Monday, February 13, 2006

No big deal - Cheney only winged him. But like in the head and chest.

Everyone's doing their best to snicker at the story of Dick "Big Time!" Cheney shooting that 78-year-old guy in the face. A hunting accident. The Dark Lord blowing off some steam with some Texas contributer fat cats. The inevitable downplaying of being shot in the face, neck and chest by a 28-gauge shotgun from 30 feet away. This sort of comedy writes itself. I think Al Franken has done it up especially well by positing Cheney and Dubya hunting together. You just need to read it yourself. Instant classic. But from my point of view, I still can't get over the anecdote of Cheney shooting a guy in the face. Think about it - Cheney fired an errant shot with a weapon that can surely kill a man, not taking the time to see what he was shooting at or what might get hurt if he tried to go for it. Anybody who's ever hunted (and I grew up in Wisconsin doing so) should take from this that Cheney's a dangerous sumbitch. History simply MUST use this accident as a Freudian slip to show the inner Overlord at his most devastating and real. He may talk a good game. But Cheney's obviously NOT the guy to look to in a fight, whether with farm-raised-for-the-slaughter quail or the entire Muslim World. He's the guy to run away from before it's too late.

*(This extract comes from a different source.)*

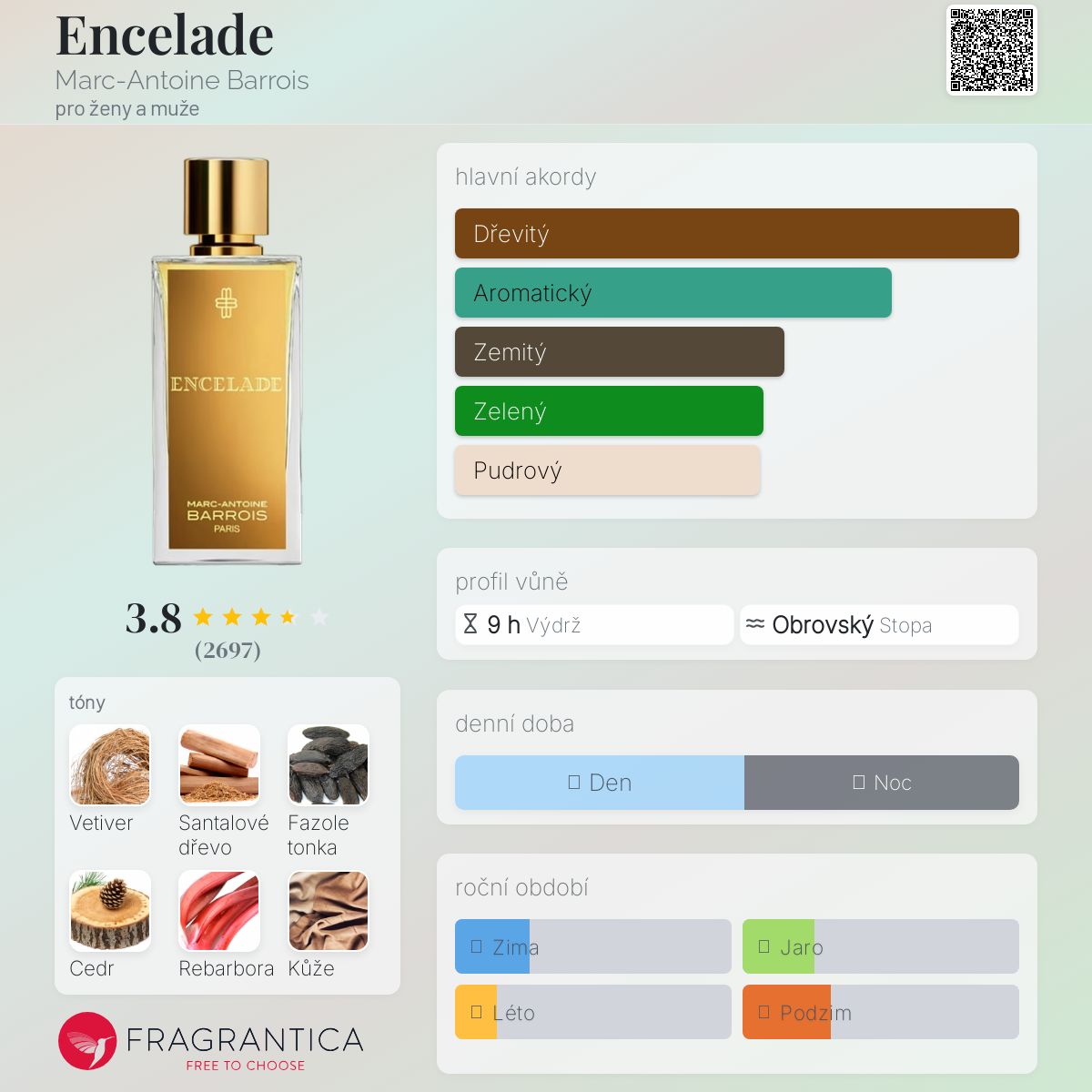 Encelade podle Marc-Antoine Barrois je Aromatic Green vůně pro ženy a muže. Encelade byl/a uveden/a v roce 2022. "Nosem" za touto vůní je Quentin Bisch. Vrchní tón je Rebarbora ; střední tón jeCedr ; základní tóny jsou Vetiver, Santalové dřevo, Fazole tonka a Kůže.

My appreciation of gallows humor inspires me to keep an eye out for any pics taken of Counselor Whittington to go along with all the "who is this not-at-all-sexy GOP contributer?" stories getting ink this morning. This poor doofus already looks like he's covered in funeral parlor make-up.

Maya's got a new Radio Flyer walker-wagonish contraption over the weekend. There's not much in the way of steering possibilities and our teeny apartment doesn't give her much more than a short runway. You just kinda latch the kid on and hope they don't lean so far forward that they faceplant. Maya leans in too much unless you hold either her or the wagon back a bit. But if you let her go, it's amazing to see that she'll hold on to the very end. We need to take her outside and just let her cruise down a few blocks of sidewalk. Which makes me think that there should be toddler sizes of kneepads.

Anyhoo, time to get some real work done. Hope your own tangents are quickly redirected today. Rock on.